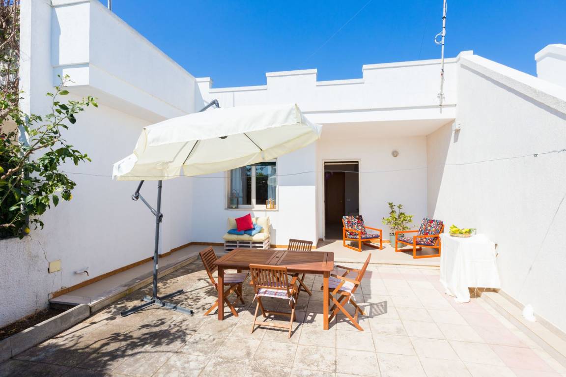 Garten: Grill, Außenbereich für das Essen im Freien, Esstisch (Personen: 5), Gartenmöbel, Sonnenliege, eingezäunt, umzäuntes Grundstück.
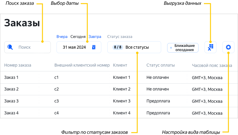 Чтобы отобразить в таблице только заказы, которые должны быть доставлены в ближайшее время и по которым ожидаются опоздания, нажмите кнопку Ближайшие опоздания. Чтобы сбросить фильтр, нажмите на кнопку еще раз.
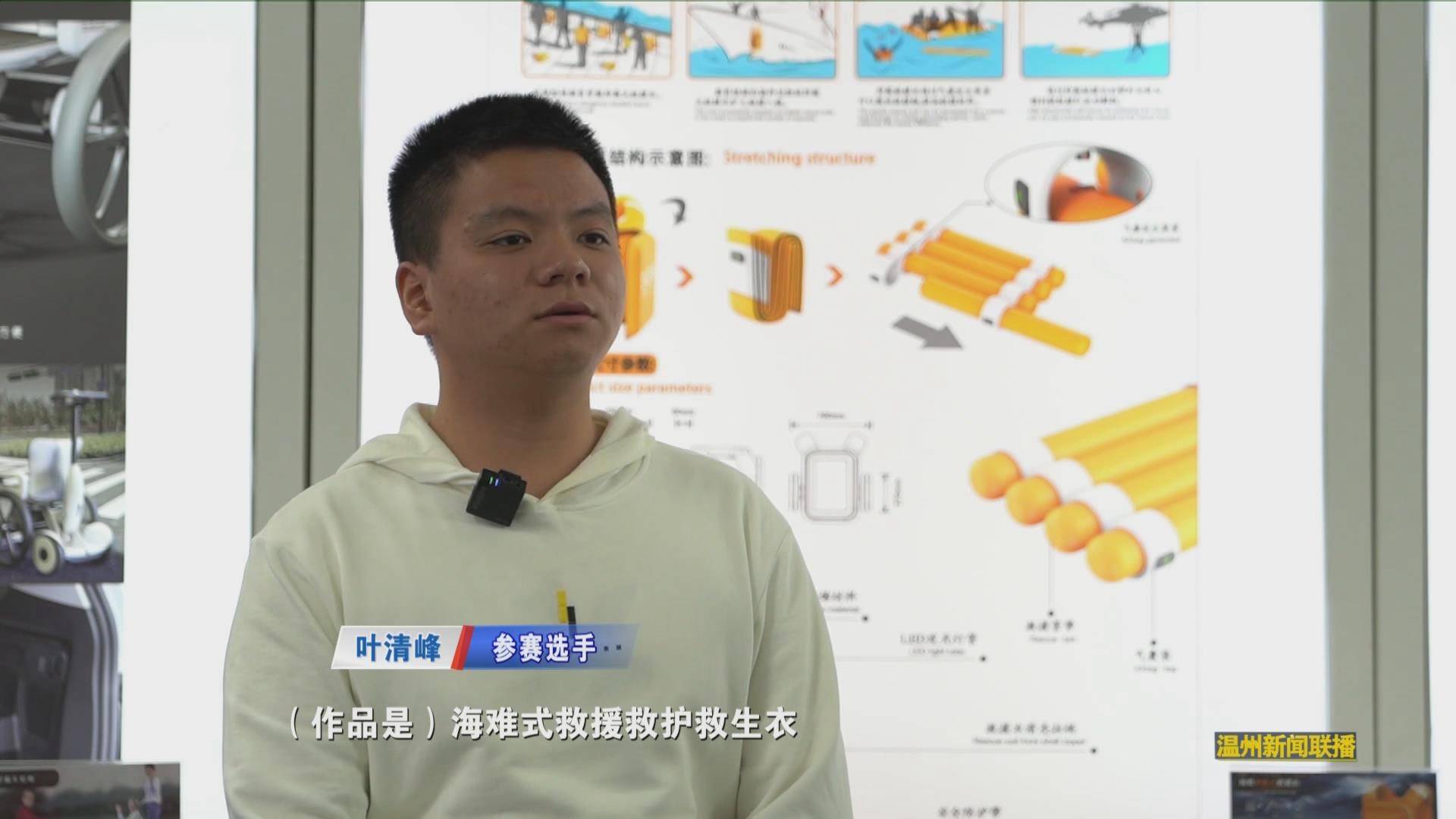 参赛选手 叶清峰:(作品是)海难式救援救护救生衣。因为传统救援救生衣效率太慢,传统只能救一个人,这个可以一次救三到四个。

Problem to solve -
Each line above should be written out again exactly, without any image.

Result of this exercise -
 Garten: Grill, Außenbereich für das Essen im Freien, Esstisch (Personen: 5), Gartenmöbel, Sonnenliege, eingezäunt, umzäuntes Grundstück.
 Чтобы отобразить в таблице только заказы, которые должны быть доставлены в ближайшее время и по которым ожидаются опоздания, нажмите кнопку Ближайшие опоздания. Чтобы сбросить фильтр, нажмите на кнопку еще раз.
 参赛选手 叶清峰:(作品是)海难式救援救护救生衣。因为传统救援救生衣效率太慢,传统只能救一个人,这个可以一次救三到四个。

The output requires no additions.